The warmth of familial ties carries forward into the present day. Beside a curated closet of Britain’s finest designers, Singh owns unique pieces that money can’t buy. A striped tank top hand-knitted by his mother when he was an adolescent, which once hung down to the knees of his frail frame, is his prized possession. “You’ll grow into it, bub,” my mum said. I wore it anyway; it was the ’60s and I often got stopped in the streets by the hippies asking me where I got it from. It’s a real piece of art.”

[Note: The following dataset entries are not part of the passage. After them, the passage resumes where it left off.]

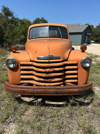 The image shows a 1953 Chevrolet Loadmaster truck with a flatbed.
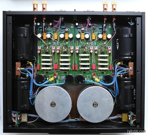 内部大图, 可见完全的双单声道独立设计, 无论电源部分还是功率放大部分, 完全可以认为是把双单声道做在了一个机壳内, 该机MBL使用了大量的胆机的搭棚工艺而不是别的器材使用的简单的线路板设计, 为了靓声MBL不惜成本的用了大量的高纯度无氧铜线在机子内部.
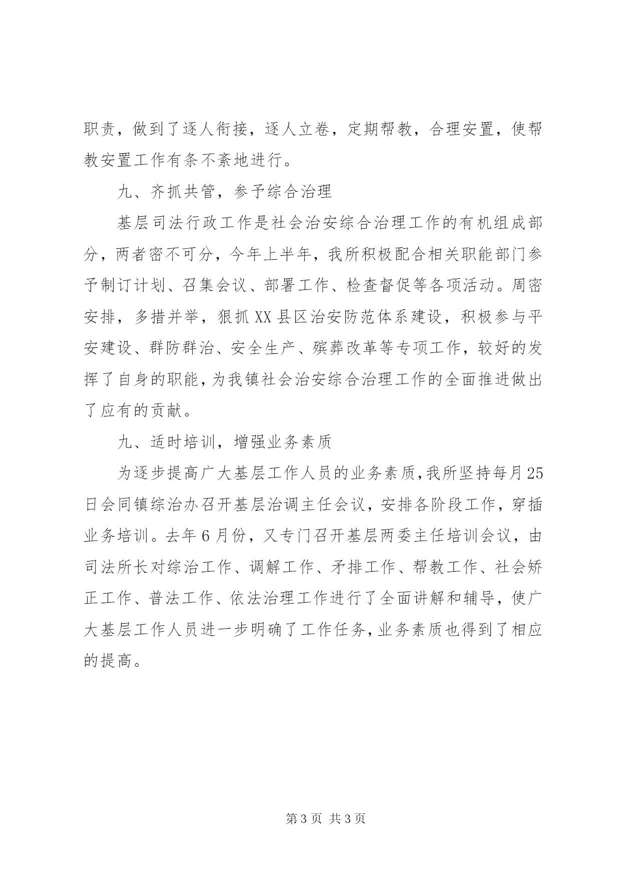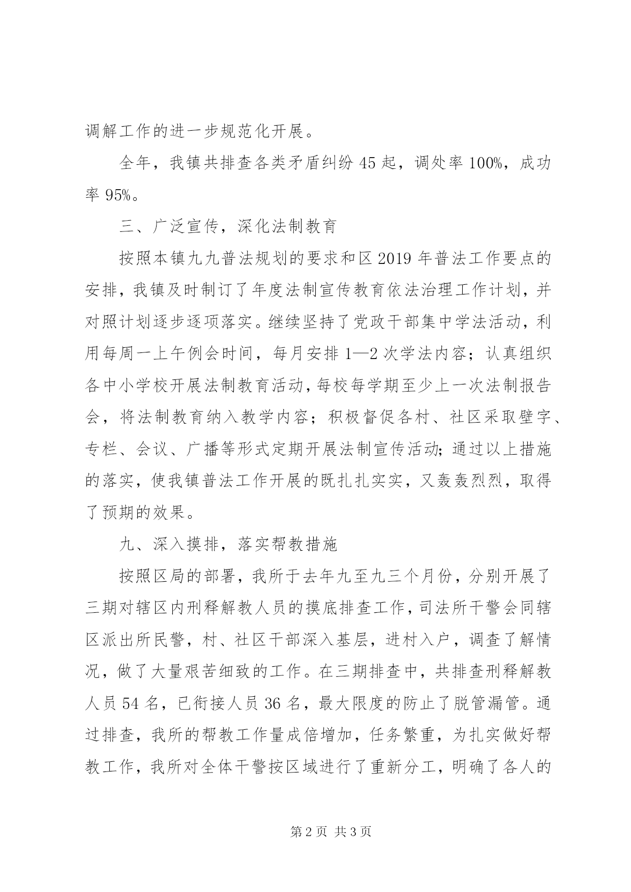 第PAGE\*Arabic\*MERGEFORMAT3页共NUMPAGES\*MERGEFORMAT3页乡镇XX年司法所工作总结2019年,**镇司法所在区司法局和镇党委、政府的领导下,按照上级的各阶段工作部署,精心组织,周密安排,强化措施,全面落实,不断加强创新力度,不断拓展业务范围,各项业务工作均取得可喜成绩。现将上半年工作开展情况如下:一、完善资料,规范档案管理我所今年上半年狠抓了业务资料的规范化建设,专门调整了业务档案柜,重新购置了高规格档案盒,全部更新了统一的档案标签,将司法行政、人民调解、矛盾排查、安置帮教、普法宣传、综合治理、日常工作各类文件、资料、台帐、记录、卷宗分门别类,整理归档。做到了存放齐全,管理有序,格式统一,登记规范,档案管理工作基本上达到了规范化、经常化的要求。二、定期排查,促进调解工作按照矛排工作“排查得早,发现得早,控制得住,解决得好”的工作要求,**镇司法所坚持每月25日召开一次基层矛排信息员会议,对基层各类矛盾纠纷进行摸底排查,对排查出的问题,明确专人,限时调处。通过各阶段排查,全面掌握和有效调处辖区内存在的各种矛盾纠纷和不稳定因素,着力解决影响社会稳定的热点、难点问题,真正将各类矛盾纠纷解决在基层,消灭在萌芽状态。同时,在今年上半年,我所还积极开展了基层矛排工作站的组建和“九统一”调委会的检查验收工作,促进了基层人民调解工作的进一步规范化开展。全年,我镇共排查各类矛盾纠纷45起,调处率100%,成功率95%。三、广泛宣传,深化法制教育按照本镇九九普法规划的要求和区2019年普法工作要点的安排,我镇及时制订了年度法制宣传教育依法治理工作计划,并对照计划逐步逐项落实。继续坚持了党政干部集中学法活动,利用每周一上午例会时间,每月安排1—2次学法内容;认真组织各中小学校开展法制教育活动,每校每学期至少上一次法制报告会,将法制教育纳入教学内容;积极督促各村、社区采取壁字、专栏、会议、广播等形式定期开展法制宣传活动;通过以上措施的落实,使我镇普法工作开展的既扎扎实实,又轰轰烈烈,取得了预期的效果。九、深入摸排,落实帮教措施按照区局的部署,我所于去年九至九三个月份,分别开展了三期对辖区内刑释解教人员的摸底排查工作,司法所干警会同辖区派出所民警,村、社区干部深入基层,进村入户,调查了解情况,做了大量艰苦细致的工作。在三期排查中,共排查刑释解教人员54名,已衔接人员36名,最大限度的防止了脱管漏管。通过排查,我所的帮教工作量成倍增加,任务繁重,为扎实做好帮教工作,我所对全体干警按区域进行了重新分工,明确了各人的职责,做到了逐人衔接,逐人立卷,定期帮教,合理安置,使帮教安置工作有条不紊地进行。九、齐抓共管,参予综合治理基层司法行政工作是社会治安综合治理工作的有机组成部分,两者密不可分,今年上半年,我所积极配合相关职能部门参予制订计划、召集会议、部署工作、检查督促等各项活动。周密安排,多措并举,狠抓XX县区治安防范体系建设,积极参与平安建设、群防群治、安全生产、殡葬改革等专项工作,较好的发挥了自身的职能,为我镇社会治安综合治理工作的全面推进做出了应有的贡献。九、适时培训,增强业务素质为逐步提高广大基层工作人员的业务素质,我所坚持每月25日会同镇综治办召开基层治调主任会议,安排各阶段工作,穿插业务培训。去年6月份,又专门召开基层两委主任培训会议,由司法所长对综治工作、调解工作、矛排工作、帮教工作、社会矫正工作、普法工作、依法治理工作进行了全面讲解和辅导,使广大基层工作人员进一步明确了工作任务,业务素质也得到了相应的提高。

Singh’s wife, Jagir Kaur, is a gifted seamstress who has worked with renowned designers in London’s upscale Sloane Square, dressing celebrities such as Diana Ross. On home turf, she is the brains behind her husband’s many eccentric knitted ties. The pièce de résistance, however, is a pair of denim pants. She ingeniously patched the fraying trousers with slivers of fabric derived from the clothes their four children wore as infants, resulting in a wonderfully rugged and colourful patina that Singh wears like second skin. “I've told my kids, when I die, you better archive these, they’re really special.” 

The relationship between ageing and fashion is an intriguing one. Some settle in the rhythms of daily life, the youthful zest that once urged them to experiment sartorially feeling lacklustre, but in the case of the Cockney Sikh every day is a runway. “I've upped my gear, bro. I bump into east London kids who tell me, ‘Uncle ji, we want to look like you when we grow old.’ I’m going to give them a bit of a run for their money. When we leave, we leave with nothing, but we might as well go with a bit of swag.”